Additionally, the admission of a certificate under Rule 902(11) does not violate the Confrontation Clause because these types of certificates are also not testimonial. See United States v. Brinson, 772 F.3d 1314, 1323 (10th Cir. 2014); id. (explaining that MelendezDiaz v. Massachusetts, 557 U.S. 305 (2009) is inapposite because the certificate did not contain "'analysis' that would constitute outofcourt testimony"); United States v. Johnson, 688 F.3d 494, 504 (8th Cir. 2012); United States v. Ellis, 460 F.3d 920, 927 (7th Cir. 2006); cf. United States v. Green, 648 F.3d 569, 580 (7th Cir. 2011); United States v. Adefehinti, 510 F.3d 319, 328 (D.C. Cir. 2007).

C. ECF No. 125

The Government filed an Omnibus Motion in Limine to exclude six types of evidence. The Motion seeks to bar any evidence, argument or testimony regarding: (1) Totoro's current health; (2) any purported legitimate purpose for possessing child pornography; (3) any claim of right to the money that is the subject of the blackmail count; (4) any potential criminal penalties Totoro faces; (5) any undisclosed defense exhibits; and (6) any exculpatory hearsay. (ECF No. 125.) The Court grants the Government's Motion in part and denies it in part.

(1) Health Condition

In his Response, Totoro notes that he does not intend to raise his current health condition at trial.

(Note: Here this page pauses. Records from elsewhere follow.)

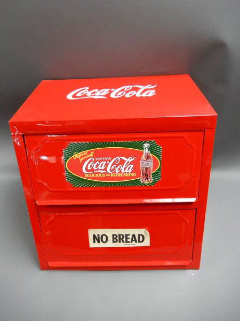 DOUBLE TIER BREAD BOX- RESTORED TO COCA-COLA 15" X 13" X 14" LOCATION: SODA SHOP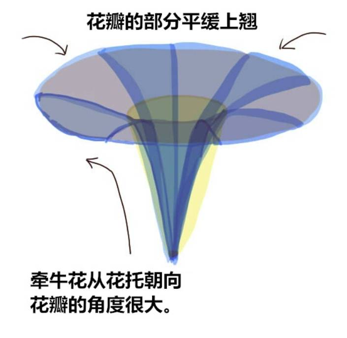 这一步大家用适当的角度进行绘画分割,来决定花瓣的角度。也许分割成7~8个部分会更加容易进行操作。大家还要记住花瓣的部分平缓上翘,牵牛花从花托朝向,花瓣的角度很大。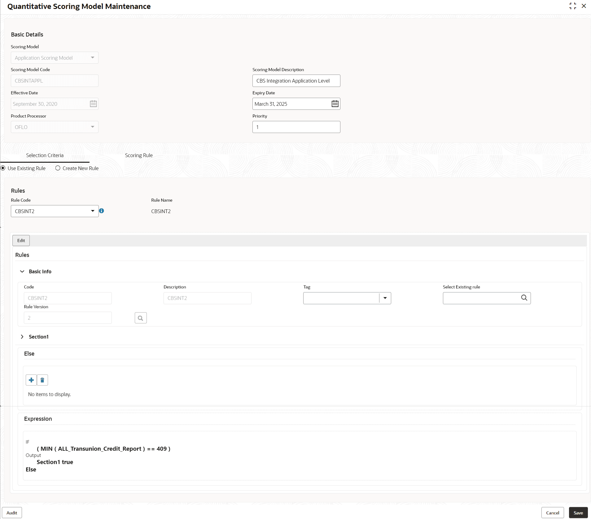 Figure 3-43 Quantitative Scoring Model Maintenance – View

The Government's Motion is therefore granted as unopposed to the extent it relates to Totoro's current health condition.

(2) Legitimate Interest

The Government also seeks to preclude Totoro "from introducing any evidence, making any statement, or asking any questions regarding [his] purported artistic, scientific, literary, journalistic, therapeutic, or medical interest" in the images at issue in any of the relevant charges. Because Totoro "will not be arguing his personal purported . . . artistic, scientific, literary, journalistic, therapeutic or medical interest," (Def.'s Resp., at 4), the Court grants the Government's Motion as unopposed.

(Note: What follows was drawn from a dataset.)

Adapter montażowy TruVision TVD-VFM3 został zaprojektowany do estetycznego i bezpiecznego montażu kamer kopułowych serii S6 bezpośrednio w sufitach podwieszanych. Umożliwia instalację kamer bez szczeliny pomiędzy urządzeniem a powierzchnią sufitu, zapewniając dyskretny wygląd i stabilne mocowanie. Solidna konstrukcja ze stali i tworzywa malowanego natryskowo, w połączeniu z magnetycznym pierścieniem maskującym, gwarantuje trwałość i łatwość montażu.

Totoro adds, however, that he "reserves the right" to introduce evidence of the alleged victim's "medical, therapeutic, or artistic" interest in creating or transmitting the images at issue. (Id. at 4.) He will not be permitted to do so because it is not relevant under Federal Rule of Evidence 401(a). The victim's "medical, therapeutic, or artistic" interest has no tendency to make any of the facts at issue alleged more or less probable, nor does it undermine any of the elements of the crimes with which Totoro is charged. See 18 U.S.C. §§ 1470, 2422(b), 2251(a), 2252(a)(2), 2252(a)(4)(B).

(3) Right to Money

The Government also seeks to bar Totoro from introducing evidence to show he had a right to the money that is the subject of the blackmail charge. The blackmail statute, 18 U.S.C. § 873, requires the Government to prove: (1) Totoro demanded money or other thing of value from the victim; (2) under the threat of informing or consideration for not informing against a violation of any law of the United States; and (3) Totoro had knowledge relating to illegal activity and offered to withhold the information. United States v. Coyle, No. 93-0329, 1994 WL 617352, at *2 (E.D. Pa. Nov. 2, 1994); see also United States v. Lewis, 313 F. App'x 703, 707 (5th Cir. 2009).

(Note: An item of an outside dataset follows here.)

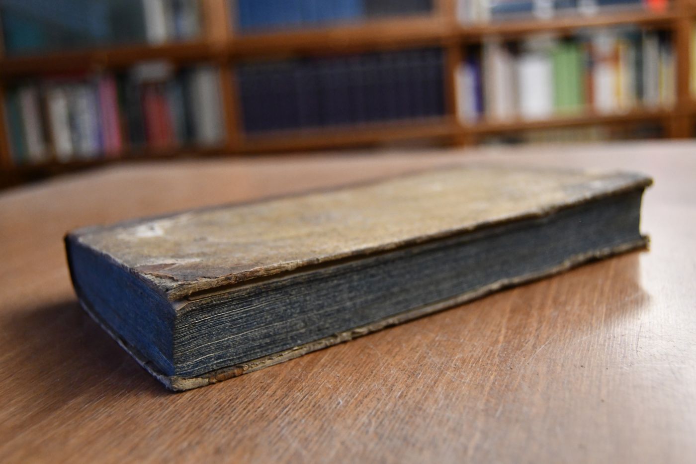 Format 21 x 12 cm, Halbleder mit 5 Bünden und umlaufenden Sprengschnitt

Section 873 does not, however, require the government to prove that Totoro had no right to the money he demanded. The Government relies on United States v. Coyle, 63 F.3d 1239 (3d Cir. 1995), for this proposition. In Coyle, the Third Circuit Court of Appeals upheld a district court's refusal to instruct the jury that the defendant "could not be convicted if he was entitled to the benefits he demanded." 63 F.3d at 1249. While Totoro correctly points out that Coyle dealt with jury instructions rather than a motion in limine, that case nevertheless militates a finding in favor of the Government. The court in Coyle noted that "what is made unlawful by the blackmail statute is Coyle's use of the offer not to report the fraudulent activity or not to cooperate with the authorities as leverage over [the victim], whether or not Coyle had a claim of right to the benefits." Id. at 1249-50 (emphasis added). Thus a jury instruction regarding the defendant's purported right to the benefit was improper because it was not legally relevant. Here, the irrelevance of any right Totoro had to the money at issue in the blackmail charge means that this evidence is inadmissible under Rule 401. Whether Totoro had a right to the money at issue does not make it any less likely that he committed the crime alleged. Thus, evidence purporting to show Totoro's right to the money is inadmissible as part of his case-in-chief.

Totoro contends, however, that his right to the money at issue in the blackmail charge is relevant and admissible because it goes to the victim's credibility. The Court will reserve judgment on the extent to which Totoro may use this evidence on cross examination.

(4) Criminal Penalties

The Government next seeks to bar Totoro from referring to the potential criminal penalties he faces if convicted at trial. Totoro does not address this in his Response. In any event, the Government's Motion is meritorious for two reasons. First, the imposition of a criminal sentence is a matter wholly within the province of the Court. Second, evidence of the potential punishment for a crime has no "tendency to make a fact more or less probable than it would be without the evidence." FED. R. EVID. 401(a). Totoro may not introduce any evidence of the potential penalties associated with the crimes alleged.

(5) Reciprocal Discovery

The Government also seeks to exclude any defense exhibits Totoro failed to disclose under Federal Rule of Civil Procedure 16(d). In his Response, Totoro states that he "reserves the right to introduce evidence to rebut the allegations of the government." (Def.'s Resp., at 5.) He also notes that "[p]rior to the introduction of such evidence, the defense will seek proper admission from the Court at a side bar conference." (Id.)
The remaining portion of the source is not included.